Bien puede ocurrir, por tanto, que el adolescente que se enfrenta con
conflictos lo haga en un contexto familiar y extrafamiliar en que los conflictos ajenos
al adolescente -pero que repercuten sobre él- son frecuentes. Padres y profesores
acusan frecuentemente a los adolescentes de no saber lo que quieren. Cierto es que
los adolescentes estarían muchas veces en su derecho si replicaran a padres y
educadores que no saben qué ofrecerles.
4. ¿Continuidad o discontinuidad?
Nos hemos referido a unas teorías que resaltan sobre todo el carácter
problemático de la adolescencia y a otras que, por el contrario, resaltan su carácter
tranquilo y sin sobresaltos. Hay más teorías psicológicas que se refieren a la
adolescencia y que nos interesan ahora en la discusión de hasta qué punto lo que
ocurre en ella es una ruptura o una continuidad con el pasado. Como nuestra lectora
y nuestro lector pueden esperar, disponemos de teorías que resaltan la
discontinuidad y de otras que resaltan la continuidad.
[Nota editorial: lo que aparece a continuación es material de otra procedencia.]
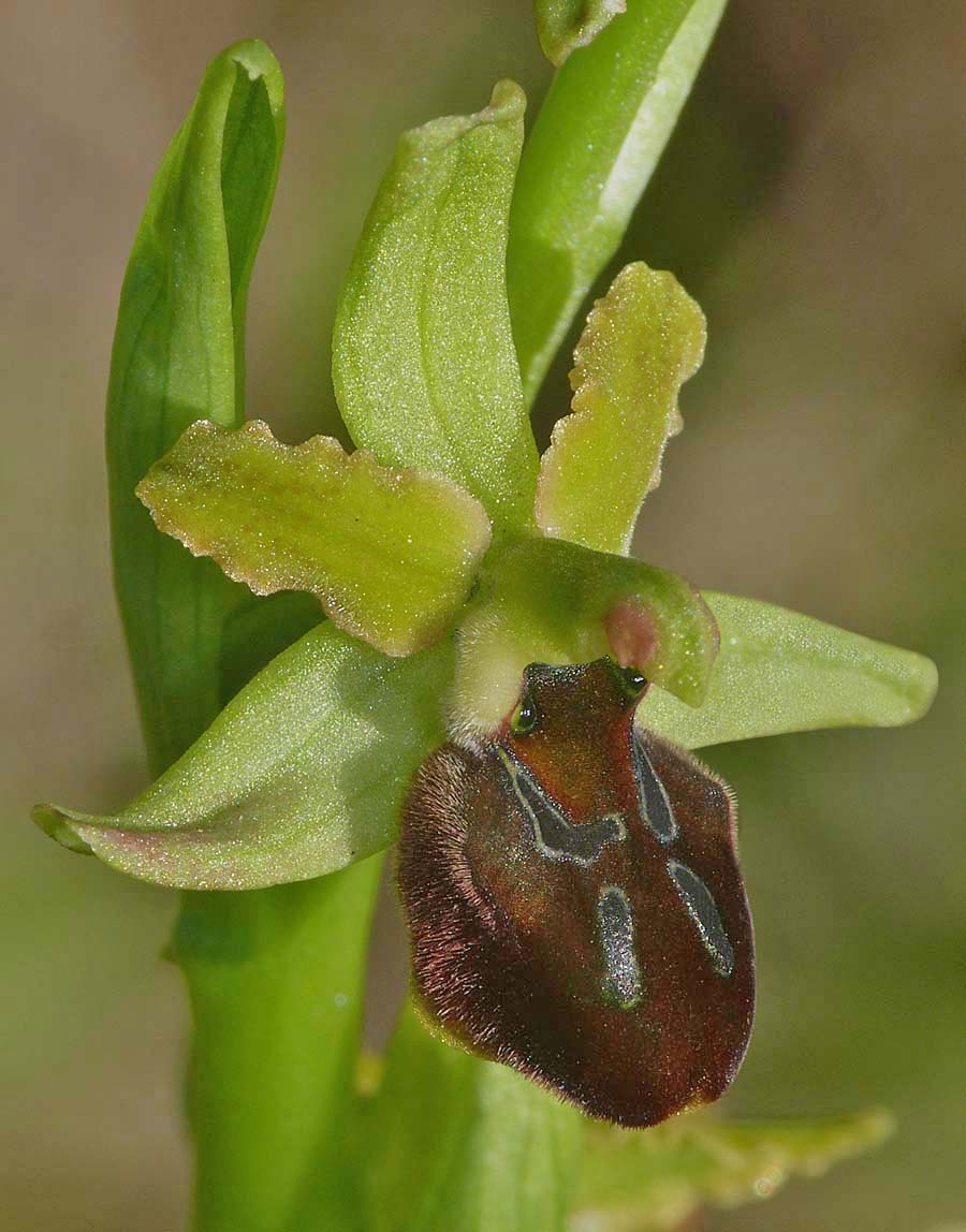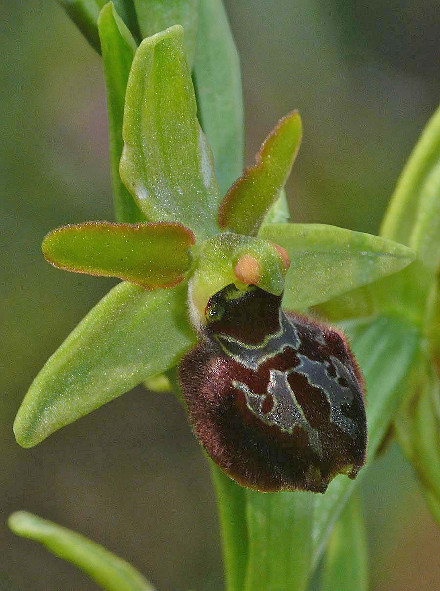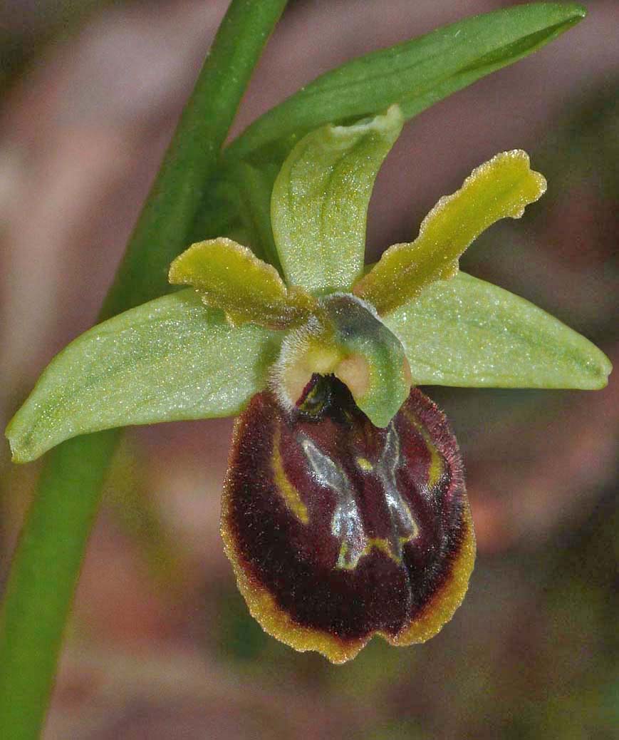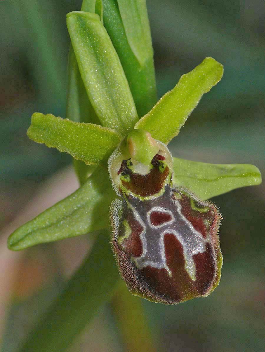 This Ophrys is an Italian endemic ranging from La Spezia in the north to the Latium region south of Rome. As its name suggests O. argentaria is at its most frequent in the Grosetto area of southern Tuscany and it's here that its range overlaps with several other closely related species. There are three other Ophrys taxons that may be found in flower concurrently with O. argentaria between March and early May, O. classica, O. tarquinia and O. sphegodes. All these species have individual distinguishing features but years of introgression have created intermediate populations that defy accurate identification. The following characteristics are typical of O. argentaria but as can be seen from the photographs, it is a variable species which as mentioned above has recieved significant gene interference. 1. Most importantly it is the smallest flowered of the four species. 2. The specular pattern is usually complex, often extensive and fragmented with extensions, marbling and ocelli. 3. Basal swellings are normally small or absent. 3; It tends to be a shorter plant, spindlier than the other species and with a laxer inflorescence, frequently containing fewer than six individual flowers. O. argentaria is a localized orchid but can grow in large numbers in its favoured locations and although generally associated with alkaline soils, can tolerate slightly acidic or sandy conditions. All the photographs come from Tuscany, between Sienna and Monte Argentaria, dating from the first week of April.  |

Entre las primeras, las que resaltan la discontinuidad, podemos citar a todas
las teorías que defienden la existencia de estadios de desarrollo. Por definición,
estadio significa cambio cualitativo, transformación. Así ocurre, por ejemplo, en el
caso de la teoría psicoanalítica a que nos hemos referido un poco más arriba: se
pasa del estadio de latencia al estadio genital, reestructurándose la personalidad
alrededor de los nuevos conflictos, los nuevos intereses y las nuevas relaciones. Otro
tanto ocurre en la teoría de Piaget, de la que se habla en el capítulo siguiente. De
acuerdo con Piaget, la adolescencia marca el acceso al pensamiento formal, una
nueva forma o estilo de pensamiento que se caracteriza por hacer extensiva al
dominio de las ideas, principios y proposiciones abstractas la lógica que el niño ya
había desarrollado para dar razón de los hechos y acontecimientos concretos y
observables. De nuevo, lo que aquí se defiende es una reestructuración de las
capacidades cognitivas del adolescente, reestructuración que, una vez producida,
supone un salto cualitativo -y, por tanto, una cierta discontinuidad-con respecto al
nivel previo de las operaciones concretas que se describió en el capítulo 16.